Erwägungen (4 Absätze)

E. 1 Die "Freien Bürger Wichtrach" erhoben am 25. November 2019 Beschwerde gegen einen Entscheid des Regierungsstatthalteramts Bern-Mittelland vom 25. Oktober 2019 betreffend kommunale Wahlen. Das Verwaltungsgericht des Kantons Bern trat mit Urteil vom 8. Januar 2020 auf die Beschwerde nicht ein. Zur Begründung machte das Verwaltungsgericht zusammenfassend geltend, dass die "Freien Bürger Wichtrach" ihre Mitwirkungspflicht gemäss Art. 20 Abs. 1 VRPG missachtet hätten, weshalb das Erfüllen der Sachurteilsvoraussetzungen offen blieb.

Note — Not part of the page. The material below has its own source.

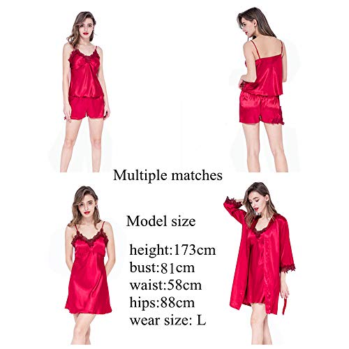 Conjunto de Pijamas 4 Piezas Camisones Conjunto Pijama Encaje Sexy Elegante Ropa de Interior Dormir Pijamas para Mujer Elegante Sexy Ropa para el Hogar Fiesta Temática de Pijama (Vino Rojo, M)
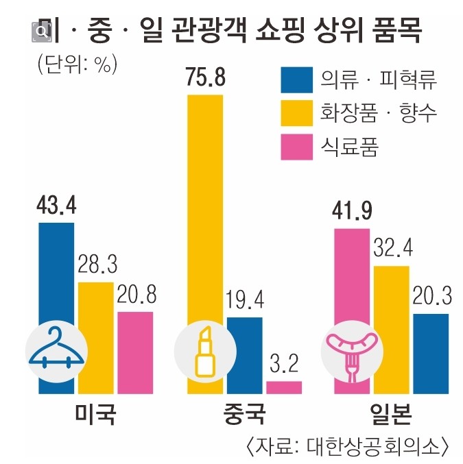 ÀÀ´äÀÚ ¼ö »óÀ§ 3±¹ÀÎ ¹ÌÁßÀÏ °ü±¤°´µéÀÇ ¼±È£ ǰ¸ñÀº, Áß±¹Àº ÈÀåǰ°ú Çâ¼ö¿¡ 76%¸¦ ÁöÃâÇßÀ¸¸ç, ÀϺ»Àº ½Ä·áǰ¿¡ 41%, ¹Ì±¹Àº ÀÇ·ù¿Í ÇÇÇõ·ù¿¡ 43%°¡ Áö°©À» ¿¬ °ÍÀ¸·Î ³ªÅ¸³ª¸ç, Áß±¹ °ü±¤°´µéÀ» ¸ÂÀ¸·Á´Â ¸íµ¿ µî °ü±¤¸í¼Ò´Â ±â´ë°¨À» ¼û±âÁö ¾Ê°í ÀÖ´Ù°í ÇÑ´Ù.

E. 2 A.________ führt mit Eingabe vom 4. Februar 2020 (Postaufgabe 8. Februar 2020) Beschwerde in öffentlich-rechtlichen Angelegenheiten gegen das Urteil des Verwaltungsgerichts des Kantons Bern vom 8. Januar 2020. Das Bundesgericht verzichtet auf die Einholung von Vernehmlassungen.

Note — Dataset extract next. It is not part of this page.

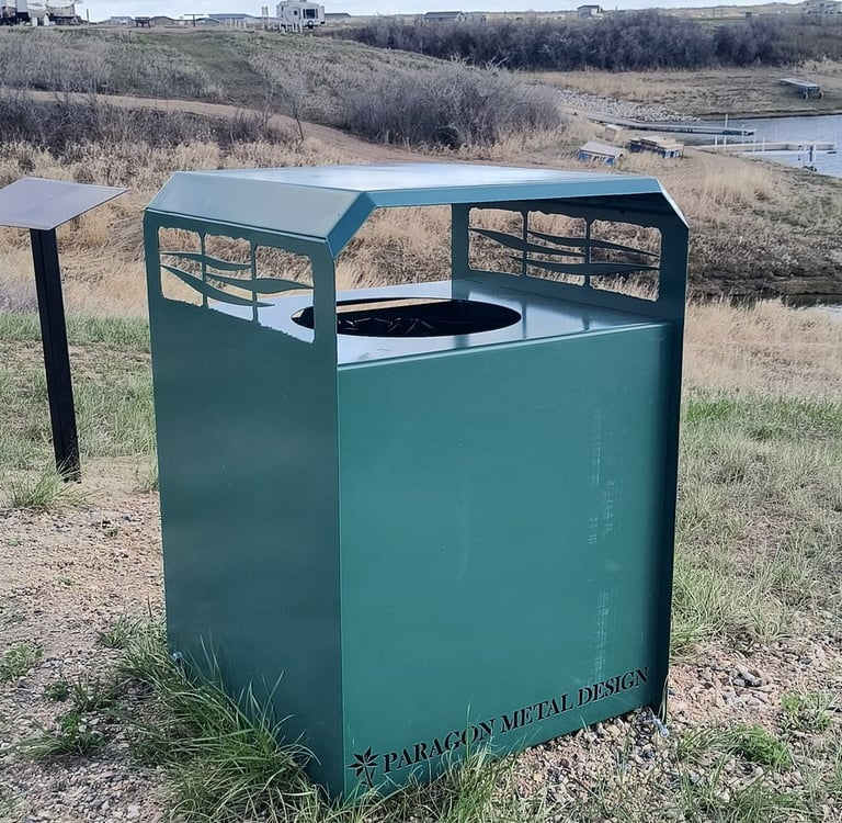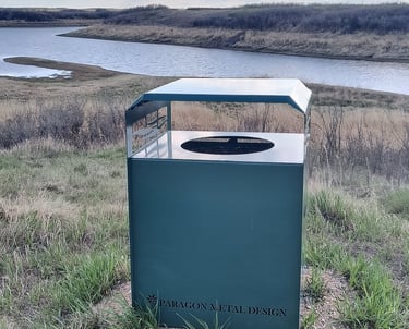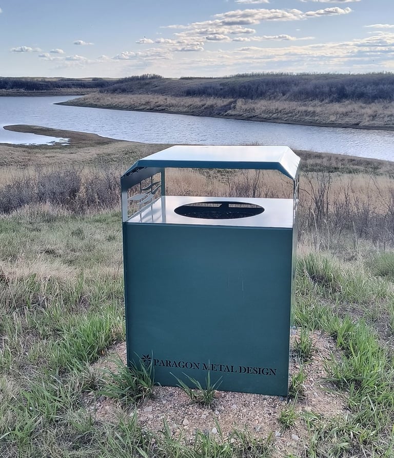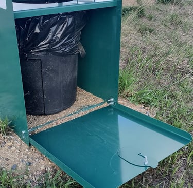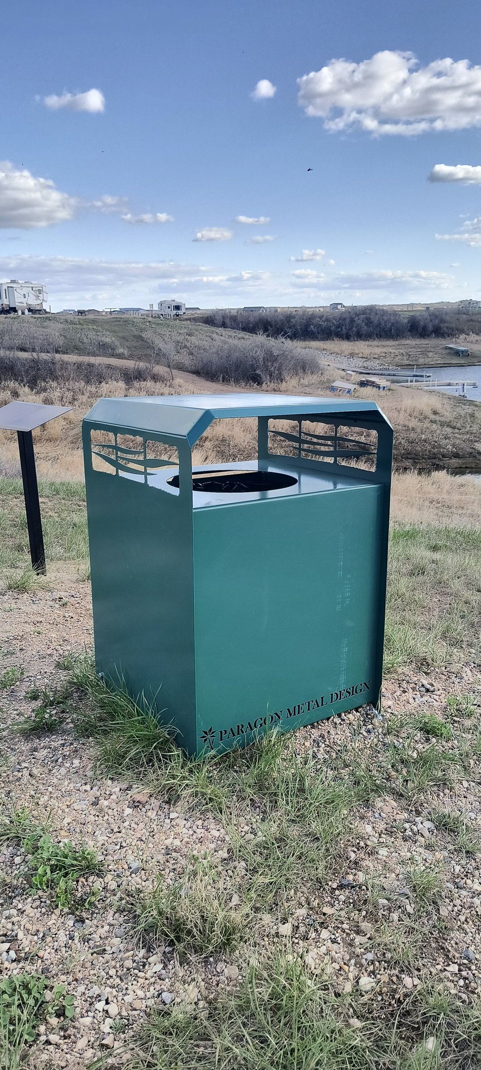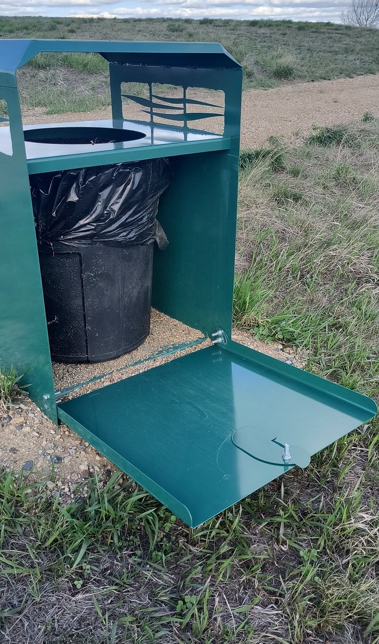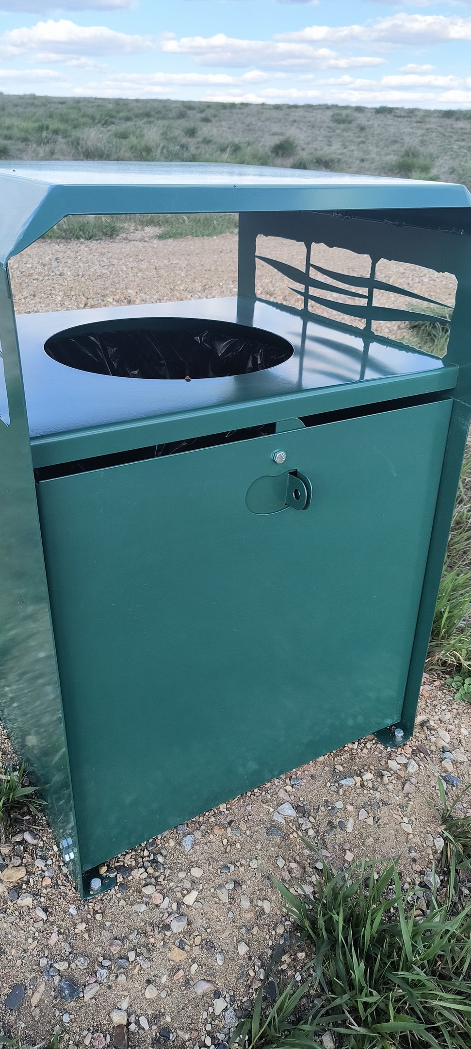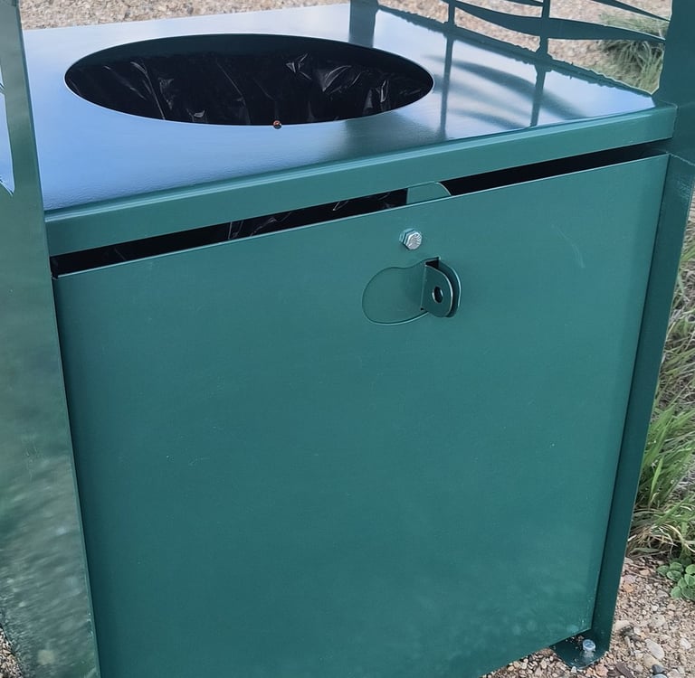 These waste bins are easy to empty and securely latch. They keep the rain out of the trash. They provide space to include a logo, advertisement or a friendly reminder to keep our spaces clean.
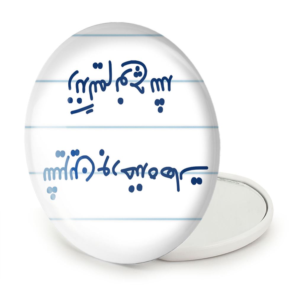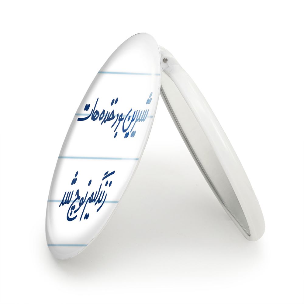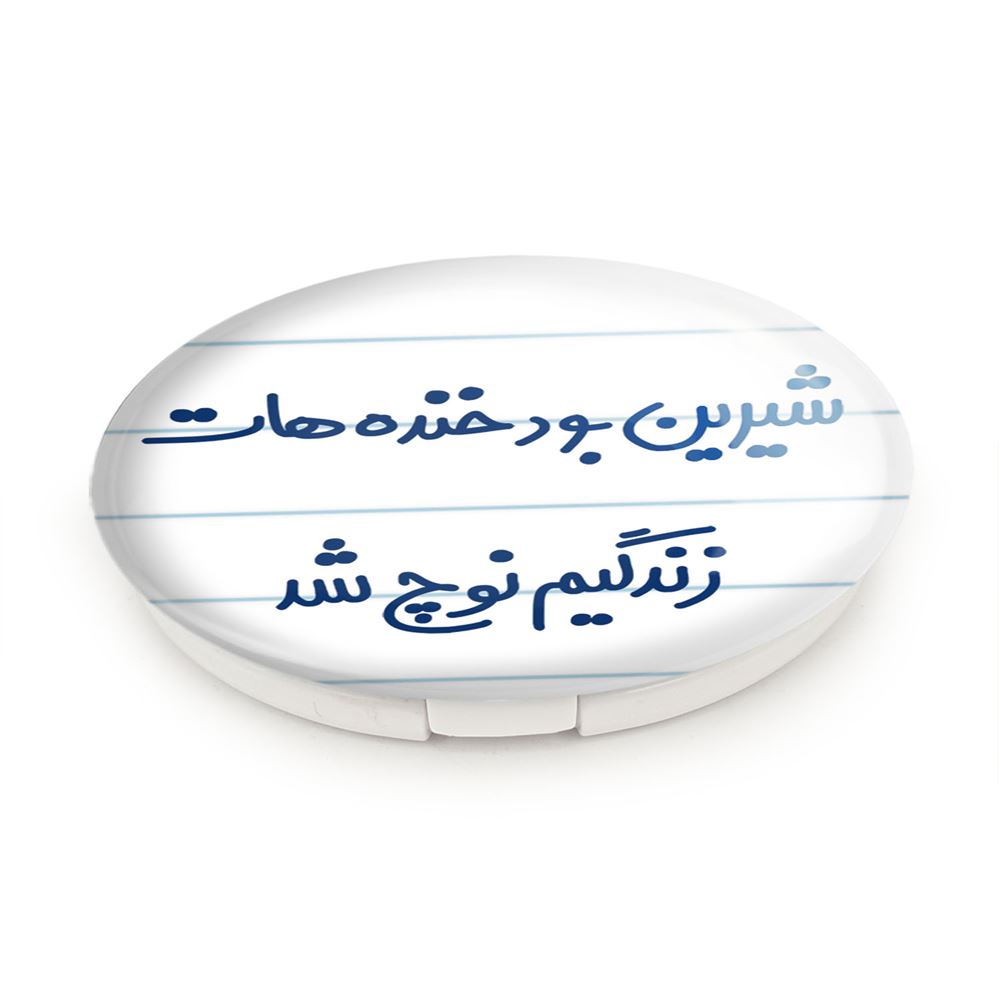 آینه های تاشو شیرین بود خنده هات زندگیم نوچ شد خندالو، از جنس پلاستیک فشرده ABS تولید شده و به رنگ سفید می باشد. یکی از آینه ها ابعاد واقعی را نشان داده و دیگری با قابلیت بزرگنمایی، جزئیات را بهتر نمایش می دهد. ابعاد هر یک از آینه ها، دایره ای به قطر 7.5 سانت می باشد که نه خیلی بزرگ و غیر قابل استفاده در کیف آرایشی ست و نه خیلی کوچک که تصویر خاصی در آن مشاهده نشود. آینه تاشو شیرین بود خنده هات زندگیم نوچ شد سایزی استاندارد و کارآمد دارد و در هر کیفی جا میگیرد. چاپ طرح بوسیله چاپگرهای دیجیتال شش رنگ با شفافیت و کیفیتی مثال زدنی بر روی یک وجه از بدنه ی آینه انجام گرفته و با روکش لمینت حرارتی پوشیده شده که در مقابل آسیب و خط و خش مقاوم بوده و کیفیت بالایی دارد. درب آینه بوسیله قفل بدنه ی آن، باز نمی ماند و کاملا بسته می شود و مناسب قرار گیری در کیف لوازم آرایش و کیف های کوچک دستی نیز هست. آینه های تاشو شیرین بود خنده هات زندگیم نوچ شد خندالو با تنوع طرحی بسیار بالا، سلیقه هر نوع مخاطبی را تامین میکند.

E. 3 Nach Art. 42 Abs. 2 BGG ist in der Begründung einer Beschwerde in gedrängter Form darzulegen, inwiefern der angefochtene Entscheid Recht verletzt. Der Beschwerdeführer begründet seine Beschwerde nicht. Er vermag folglich nicht aufzuzeigen, inwiefern der verwaltungsgerichtliche Nichteintretensentscheid rechts- bzw. verfassungswidrig sein soll. Die Beschwerde genügt den gesetzlichen Formerfordernissen offensichtlich nicht, weshalb auf sie im vereinfachten Verfahren nach Art. 108 Abs. 1 BGG nicht einzutreten ist.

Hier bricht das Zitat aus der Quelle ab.